The answer must restate the listing word for word, without its images.

(Material provided)

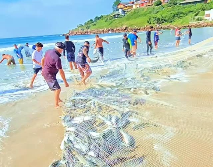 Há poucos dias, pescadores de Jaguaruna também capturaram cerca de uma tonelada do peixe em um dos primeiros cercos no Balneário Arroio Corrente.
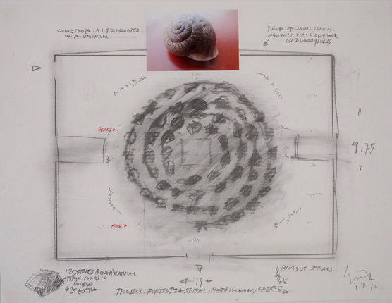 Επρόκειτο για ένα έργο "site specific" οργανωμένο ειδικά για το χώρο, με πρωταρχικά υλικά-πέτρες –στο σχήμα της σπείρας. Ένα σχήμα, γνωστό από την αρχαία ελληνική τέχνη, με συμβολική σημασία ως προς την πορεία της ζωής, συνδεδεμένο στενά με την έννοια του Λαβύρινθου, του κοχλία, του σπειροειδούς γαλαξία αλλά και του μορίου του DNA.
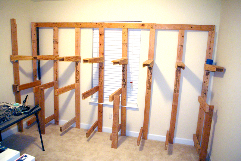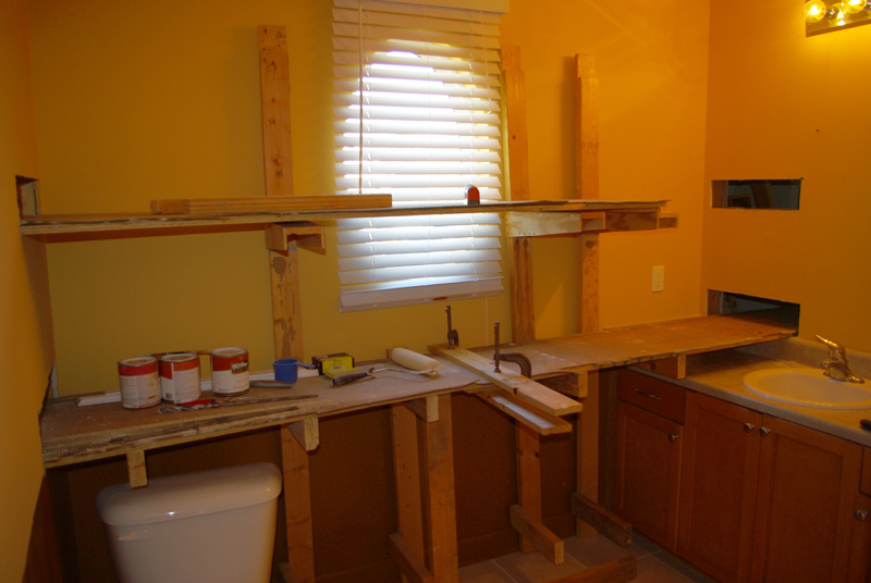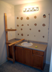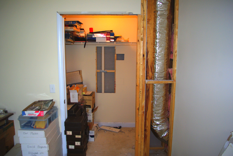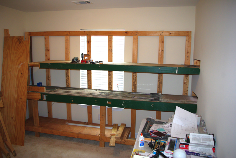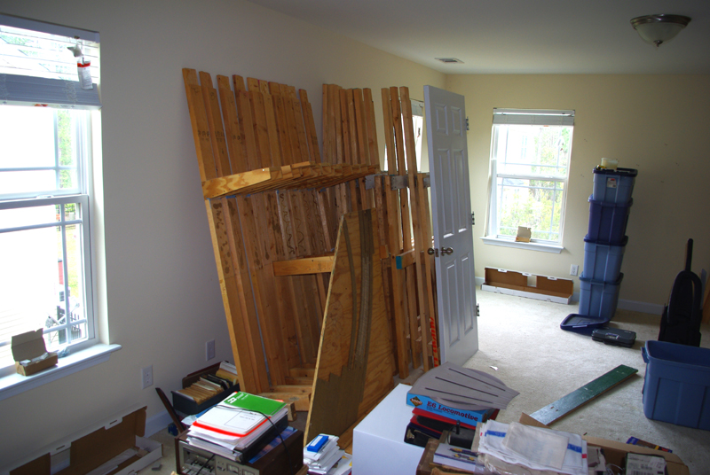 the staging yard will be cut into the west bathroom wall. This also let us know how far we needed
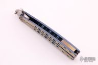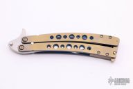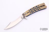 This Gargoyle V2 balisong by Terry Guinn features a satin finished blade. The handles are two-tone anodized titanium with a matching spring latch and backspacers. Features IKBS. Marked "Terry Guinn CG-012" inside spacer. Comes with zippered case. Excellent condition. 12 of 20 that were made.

(End Material provided)

- _Result_
 Há poucos dias, pescadores de Jaguaruna também capturaram cerca de uma tonelada do peixe em um dos primeiros cercos no Balneário Arroio Corrente.
 Επρόκειτο για ένα έργο "site specific" οργανωμένο ειδικά για το χώρο, με πρωταρχικά υλικά-πέτρες –στο σχήμα της σπείρας. Ένα σχήμα, γνωστό από την αρχαία ελληνική τέχνη, με συμβολική σημασία ως προς την πορεία της ζωής, συνδεδεμένο στενά με την έννοια του Λαβύρινθου, του κοχλία, του σπειροειδούς γαλαξία αλλά και του μορίου του DNA.
 the staging yard will be cut into the west bathroom wall. This also let us know how far we needed
 This Gargoyle V2 balisong by Terry Guinn features a satin finished blade. The handles are two-tone anodized titanium with a matching spring latch and backspacers. Features IKBS. Marked "Terry Guinn CG-012" inside spacer. Comes with zippered case. Excellent condition. 12 of 20 that were made.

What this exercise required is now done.